Still, those feelings of secrecy between him and another woman ignited something I sometimes experience in relationships — intense insecurity, and overwhelming jealousy.

When I feel vulnerable, and then lied to, it stirs up all kinds of otherwise dormant emotions. I started to feel insecure about everything he told me about his past.

Like the one time his good friend’s (now, not at the time) girlfriend and he made out when they were 14. That event could not be more inconsequential, yet somehow, I find myself fixated on it. I don’t even want to be in the same room as her let alone on a double date with them. 
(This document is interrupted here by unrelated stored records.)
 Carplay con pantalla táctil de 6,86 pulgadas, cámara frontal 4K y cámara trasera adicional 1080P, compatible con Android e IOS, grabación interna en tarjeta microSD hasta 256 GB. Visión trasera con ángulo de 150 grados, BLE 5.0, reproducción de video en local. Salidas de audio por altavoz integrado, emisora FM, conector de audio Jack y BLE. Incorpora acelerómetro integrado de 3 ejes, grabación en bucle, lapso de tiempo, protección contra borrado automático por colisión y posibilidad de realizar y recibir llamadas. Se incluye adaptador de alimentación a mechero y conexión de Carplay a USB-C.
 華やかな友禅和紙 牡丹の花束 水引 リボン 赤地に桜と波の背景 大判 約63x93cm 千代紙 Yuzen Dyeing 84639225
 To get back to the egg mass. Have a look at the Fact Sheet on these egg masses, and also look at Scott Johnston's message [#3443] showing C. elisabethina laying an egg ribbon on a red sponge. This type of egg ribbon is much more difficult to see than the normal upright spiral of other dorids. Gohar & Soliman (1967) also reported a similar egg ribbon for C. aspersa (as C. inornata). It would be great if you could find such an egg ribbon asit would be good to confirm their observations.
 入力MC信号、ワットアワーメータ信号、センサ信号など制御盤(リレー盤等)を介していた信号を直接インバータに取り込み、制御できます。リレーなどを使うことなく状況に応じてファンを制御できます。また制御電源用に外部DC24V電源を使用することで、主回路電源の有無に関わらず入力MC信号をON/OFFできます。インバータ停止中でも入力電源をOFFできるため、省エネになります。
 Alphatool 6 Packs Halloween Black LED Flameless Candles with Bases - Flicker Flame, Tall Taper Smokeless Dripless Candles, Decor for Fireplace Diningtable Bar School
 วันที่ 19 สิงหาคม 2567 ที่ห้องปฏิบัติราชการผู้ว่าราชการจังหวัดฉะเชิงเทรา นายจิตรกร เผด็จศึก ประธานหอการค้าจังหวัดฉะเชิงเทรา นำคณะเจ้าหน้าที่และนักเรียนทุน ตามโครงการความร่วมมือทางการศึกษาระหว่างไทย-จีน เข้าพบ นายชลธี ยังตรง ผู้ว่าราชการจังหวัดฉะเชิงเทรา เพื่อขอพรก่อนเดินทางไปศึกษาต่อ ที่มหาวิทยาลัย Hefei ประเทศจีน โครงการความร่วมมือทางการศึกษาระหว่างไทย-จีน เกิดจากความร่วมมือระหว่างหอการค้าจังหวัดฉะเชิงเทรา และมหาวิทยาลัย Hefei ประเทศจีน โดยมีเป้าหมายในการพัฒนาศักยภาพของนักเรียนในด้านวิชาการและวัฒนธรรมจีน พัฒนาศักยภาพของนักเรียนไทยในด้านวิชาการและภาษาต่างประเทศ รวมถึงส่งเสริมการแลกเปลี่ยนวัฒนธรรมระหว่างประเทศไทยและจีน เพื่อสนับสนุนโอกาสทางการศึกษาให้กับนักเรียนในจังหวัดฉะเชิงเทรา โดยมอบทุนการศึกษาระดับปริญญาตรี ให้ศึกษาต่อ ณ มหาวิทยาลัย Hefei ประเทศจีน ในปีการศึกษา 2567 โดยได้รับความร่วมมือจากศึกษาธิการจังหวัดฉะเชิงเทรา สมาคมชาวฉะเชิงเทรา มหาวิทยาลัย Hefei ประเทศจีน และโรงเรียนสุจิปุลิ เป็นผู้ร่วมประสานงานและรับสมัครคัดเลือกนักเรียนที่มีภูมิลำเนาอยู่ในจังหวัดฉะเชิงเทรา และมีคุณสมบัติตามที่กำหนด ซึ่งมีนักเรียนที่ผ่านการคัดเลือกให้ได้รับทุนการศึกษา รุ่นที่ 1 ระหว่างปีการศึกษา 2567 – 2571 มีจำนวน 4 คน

It’s hard to say whether I would feel differently had my boyfriend not lied to me in the first place. I’m very attracted to him, and in turn, feel possessive of him, but still — insecurity in a relationship always means you’re not in a healthy state of mind, or your partner is not to be trusted. Am I experiencing both? That’s been the hardest of all to decipher. 

The most complicated thing to admit is that there is a piece of me that feels jealous he had intimate experiences with other people before he knew me. It’s ridiculous, and I don’t express that to him. But to some extent, I think maybe we all feel that way a little bit when we really like someone — his lies surrounding it I think are drawing more attention to it than it really deserves. It makes me wonder what else he’s lying about.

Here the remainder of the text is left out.